75 percentile: find top offenders

60 Views Asked by At

Imagine that a car company wants to analyze all those orders late, yet to be delivered to customers. By late I mean that, to date, the contractual delivery date has expired. ID simply refers to the i-th order. What I called Span is simply the difference between today and the contractual delivery date. For example: Span = 4 means that the contractual delivery date expired 4 days ago. If I now compute P75, the result I get is 154. The question is: provided that I want the result of P75 to be as low as possible (right now it's 154 as we've just seen), which are the top offenders orders? In other words, I'd like to find those orders such that, if delivered to customers, yield the maximum decrease in the result (from 154 to something lower). Do I just need to start working from bottom orders (row 230 with span 731), those with higher span and work my way up?

first pic

second

third

1

There are 1 best solutions below

2
On BEST ANSWER

Percentiles are used as a measure for statistical distribution. Such as the median, a percentile is not affected by outliers, as opposed to mean and standard deviation. A percentile does not care about the specific location of each case. It cares only about the location where (in this case) 75% of all cases is left of it.

With this in mind, I think it depends more on the cases around your percentile of interest. Especially if the case density is low around your percentile, you have a major impact.

If you remove a low case (left of your percentile), then your percentile will shift to the right, which you do not want. If you remove a high case (right of your percentile), then your percentile will shift to the left, which you do want.

Note: This methodology works if every case takes the same amount of effort. If higher cases take more time to solve, I can imagine that the tactic needs to change.
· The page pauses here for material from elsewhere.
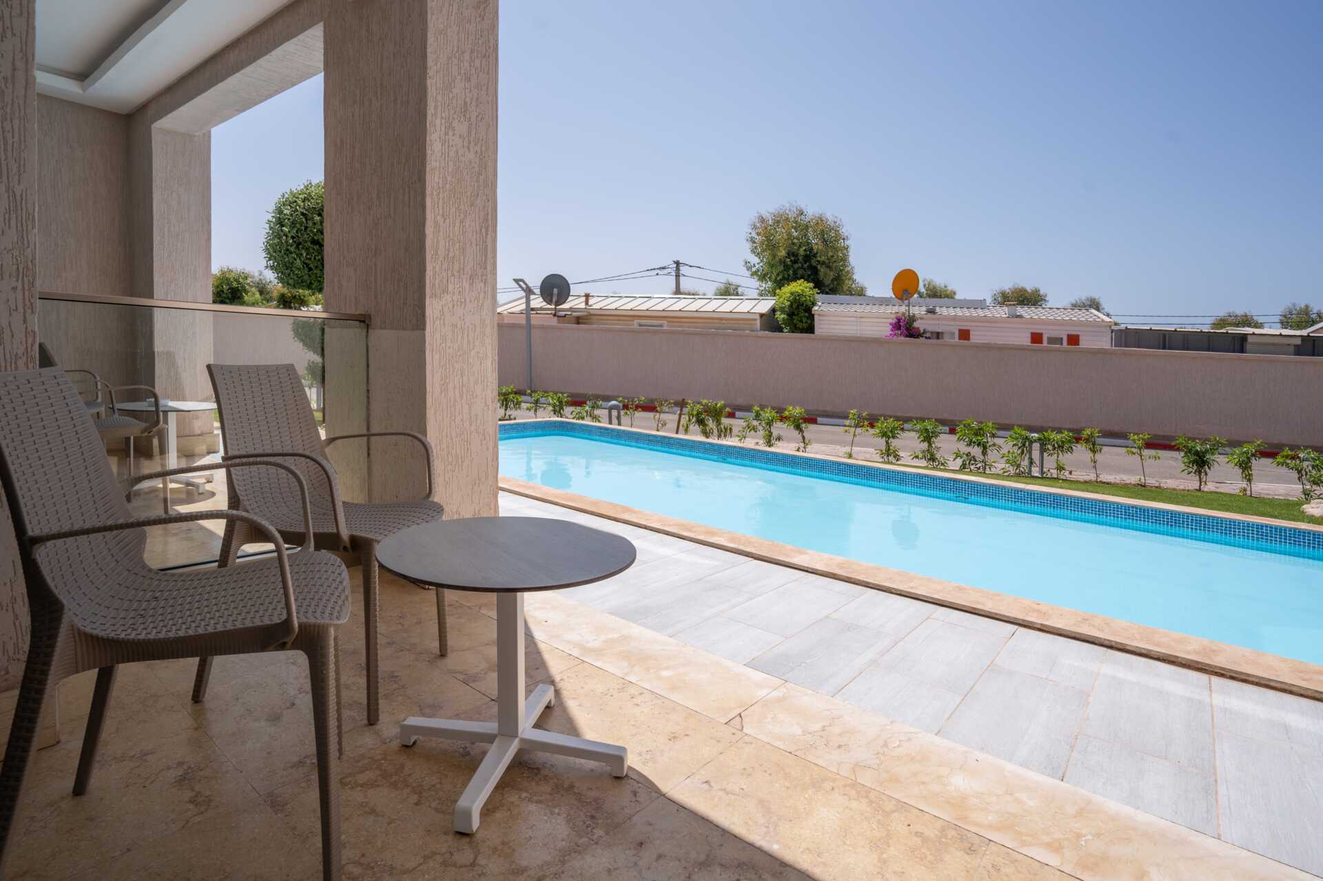 Deluxe-sviitti, jossa on maaterassi ja pääsy jaetulle altaalle. Parivuode tai kaksi yhden hengen vuodetta. Maksuton wifi, ilmastointi ja tallelokero. Minibaari - sisältyy hintaan ja täytetään joka päivä virvoitusjuomilla. Vedenkeitin, kahvia ja teetä. Kahvinkeitin - kapselit sisältyy. Tv kansainvälisillä kanavilla. Hiustenkuivain. Suihku ja wc. Siivous 7 krt/viikko.

Suppose each case takes the same effort. I can define a series $X$ consisting of $N$ monotonously increasing elements $X(i)$ whereby

$$X(i+1)\ge X(i) \ for\ i=1,...,N-1$$

Index $i$ would be the ID, whereas $X(i)$ is the corresponding SPAN. I define the 75-percentile as $P_{75}=X(i^*)$, whereby $$i^*:=\lceil0.75N\rceil$$

If I remove element $i_a\gg i^*$, then $$P^{new}_{75}=X(\lceil0.75(N-1)\rceil)$$ This might still be the same $X(i^*)$, or $X(i^*-1)$. Thus, you may carry out 1 jump (downwards, which is what you want).

In the case that you remove element $i_a\ll i^*$, then $$P^{new}_{75}=X(1+\lceil0.75(N-1)\rceil)$$ Again, you may carry out 1 jump, towards $X(i^*+1)$.

This jumping is independent of which element left or right of your percentile you take.

If you remove a direct neighbour of $X(i^*)$, you might carry out two jumps.

Things get interesting if you remove the element $X(i^*)$ itself as you might 'win' or 'lose'.

Seen your data is not strictly monotonous and has some plateaus, not much will happen if at a plateau.

As a general rule, I would always start to remove the case $X(i^*+1)$.